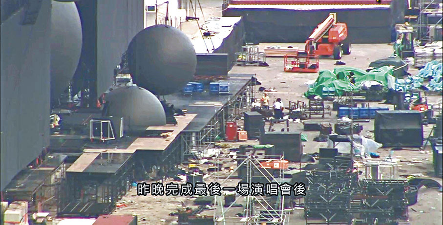 昨日清晨約5時許,一名姓梁(21歲)男工在民光街33號中環海濱活動場地,清拆樂團五月天演唱會舞台期間,從約兩米高鐵架失足墮下,倒地昏迷。其他工友見狀報警,救護員趕抵現場後,將事主送往瑪麗醫院搶救。案件列作「工業意外有人意外受傷」,意外原因有待調查。
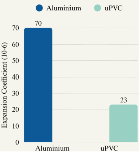 Fig 1: Aluminium windows vs UPVC thermal expansion rates
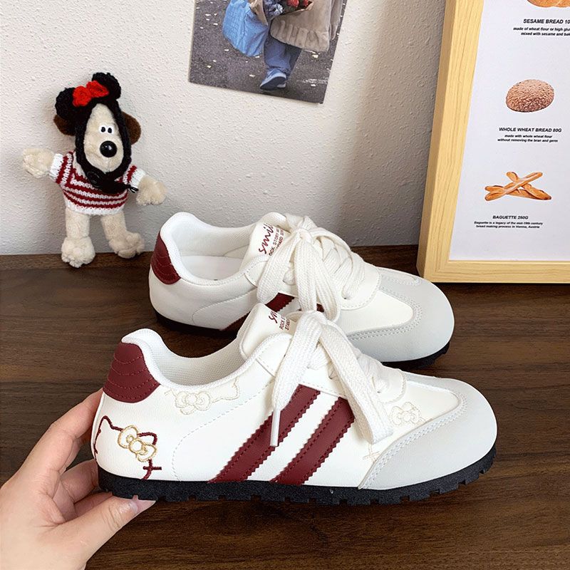 Женские кроссовки De Xun 2025 лето новые стильные нишевые корейские круглые носки студенческие спортивные повседневные белые туфли
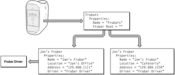 Software uses Registry properties to find other software. For example, if a user specifies a name while running an application, the application may look up the name in the Registry and use the properties associated with it to determine what the name represents in the system. For example, a distributed application could ask the user to choose a network interface. From the properties that accompany the name of the interface in the Registry, the application could find the device driver that controls the network interface and the parameters needed to open the network device, as diagrammed in Figure 10-1.
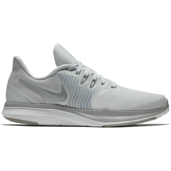 Fitness Mania – Nike In-Season TR 8 – Womens Training Shoes – Pure Platinum/Wolf Grey The Nike In-Season TR 8 women?s training shoes make an impact at the gym with eye-catching details. The smooth mesh upper boosts the comfort of your workout and creates a ride that?s as tough as you are. It?s your secret weapon for cardio workouts and circuit training, holding your midfoot securely and allowing you to move in comfort with the dual-density cushioning. Rubber pods reinforce the outsole where you need it most to tackle your intense workouts. Forefoot flex grooves let you move
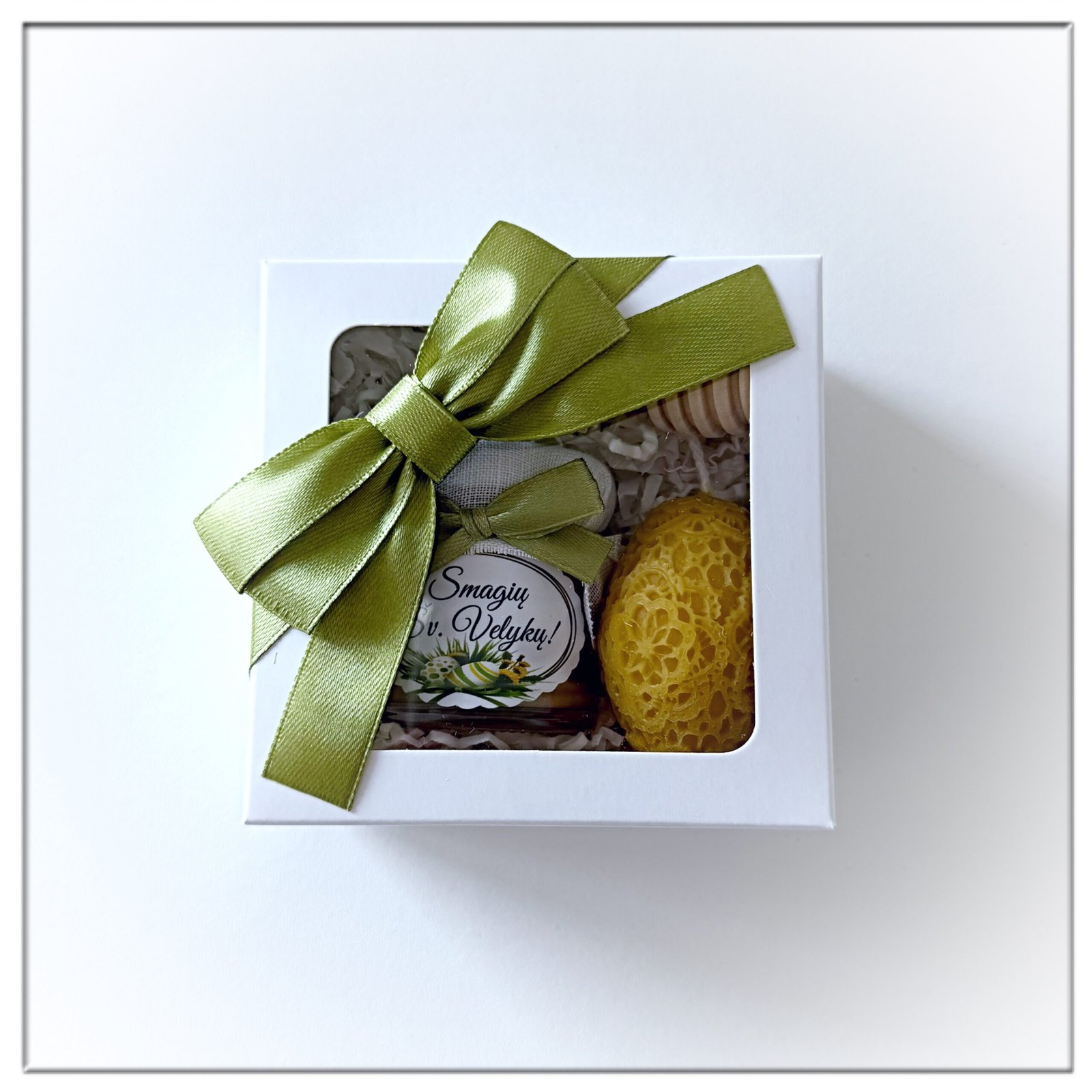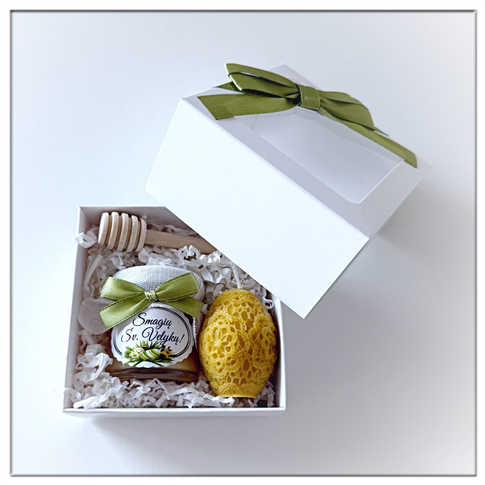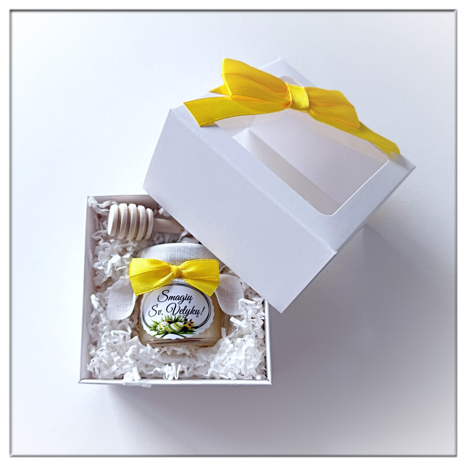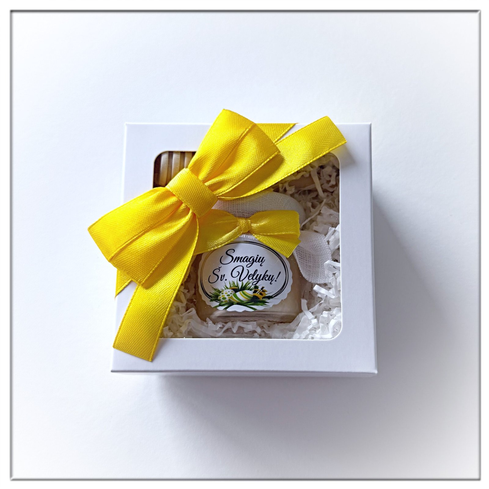 Velykinės dovanos – dovanėlės VELYKOMS. Lauktuvės Velykų proga – Simbolinė medaus dovanėlė gražiausiai pavasario šventei pradžiugins artimuosius ir draugus – Mini rinkinys dekoruotoje dėžutėje. Dėžutės dangtelis dekoruotas kaspinėliu. Galite pasirinkti dėžutės komplektaciją.
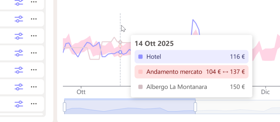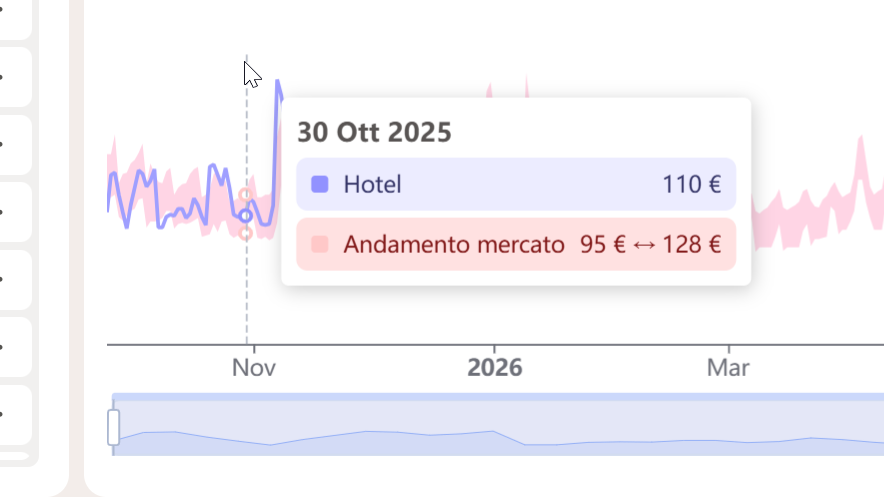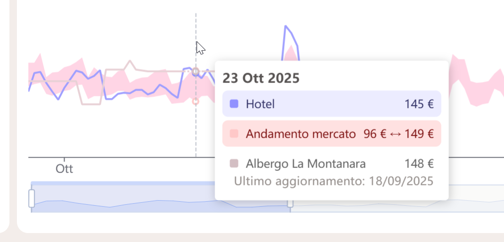 I prezzi dei competitor possono apparire con una linea spezzata, quindi con dei salti, questo significa che le tipologie non sono in vendita su Booking.com per quelle date. Inoltre possono apparire anche a puntini, questo significa invece che i prezzi non sono aggiornati da almeno 3 giorni da parte del competitor. La data di aggiornamento è visibile posizionando nuovamente il cursore sulla pagina.
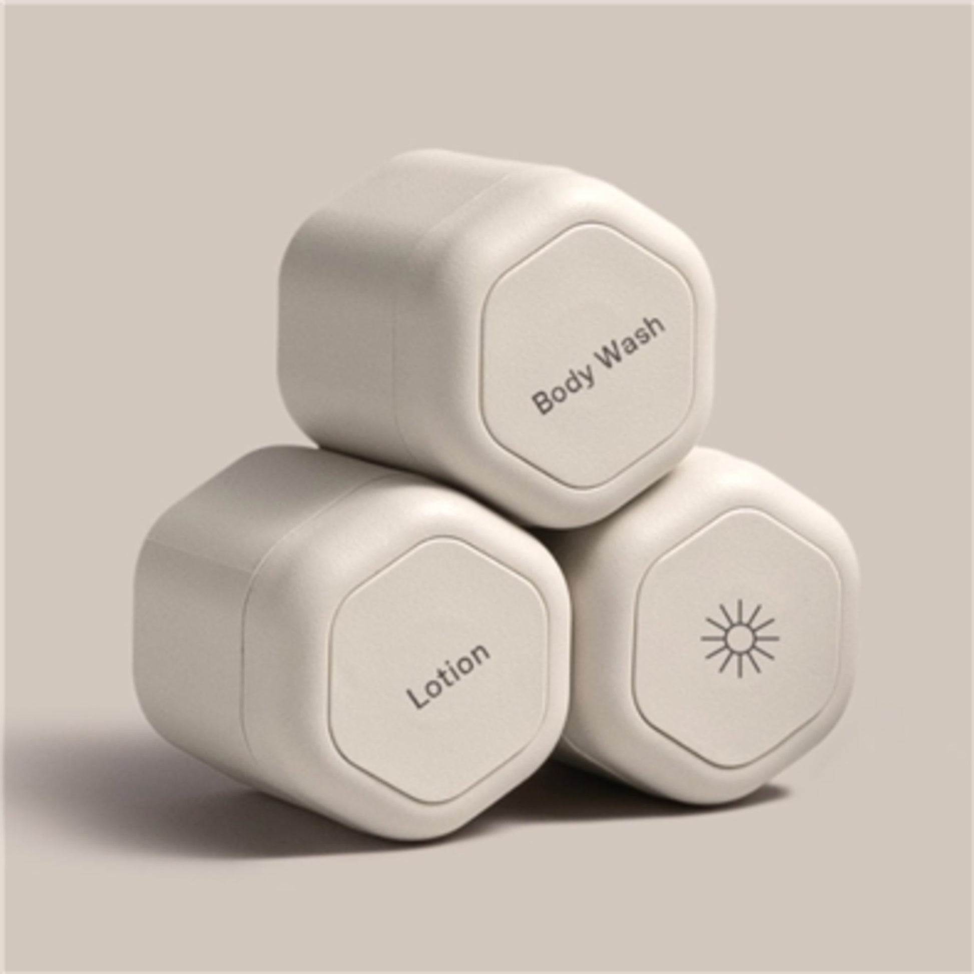The perfect bundle for anyone that wants to get away for a week. This set features three Medium Capsules (1.32 fl oz each) with a Body Wash label, Lotion label, and sun-icon label. The Medium is the perfect fit for weekend to week-long trips.(Color :Sand). TSA Approved.
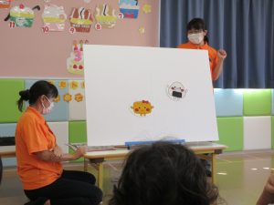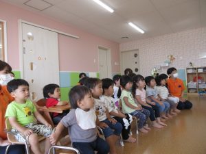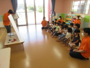 先生たちが歌う歌に合わせておにぎりくんやそのお友だちが動くのが楽しくて真剣に楽しんでみていました![]()

────────────────

Begin at the top of the records above and retype each line exactly until the line containing "Fig 1: Aluminium", which is included. Skip all pictures.

 昨日清晨約5時許,一名姓梁(21歲)男工在民光街33號中環海濱活動場地,清拆樂團五月天演唱會舞台期間,從約兩米高鐵架失足墮下,倒地昏迷。其他工友見狀報警,救護員趕抵現場後,將事主送往瑪麗醫院搶救。案件列作「工業意外有人意外受傷」,意外原因有待調查。
 Fig 1: Aluminium windows vs UPVC thermal expansion rates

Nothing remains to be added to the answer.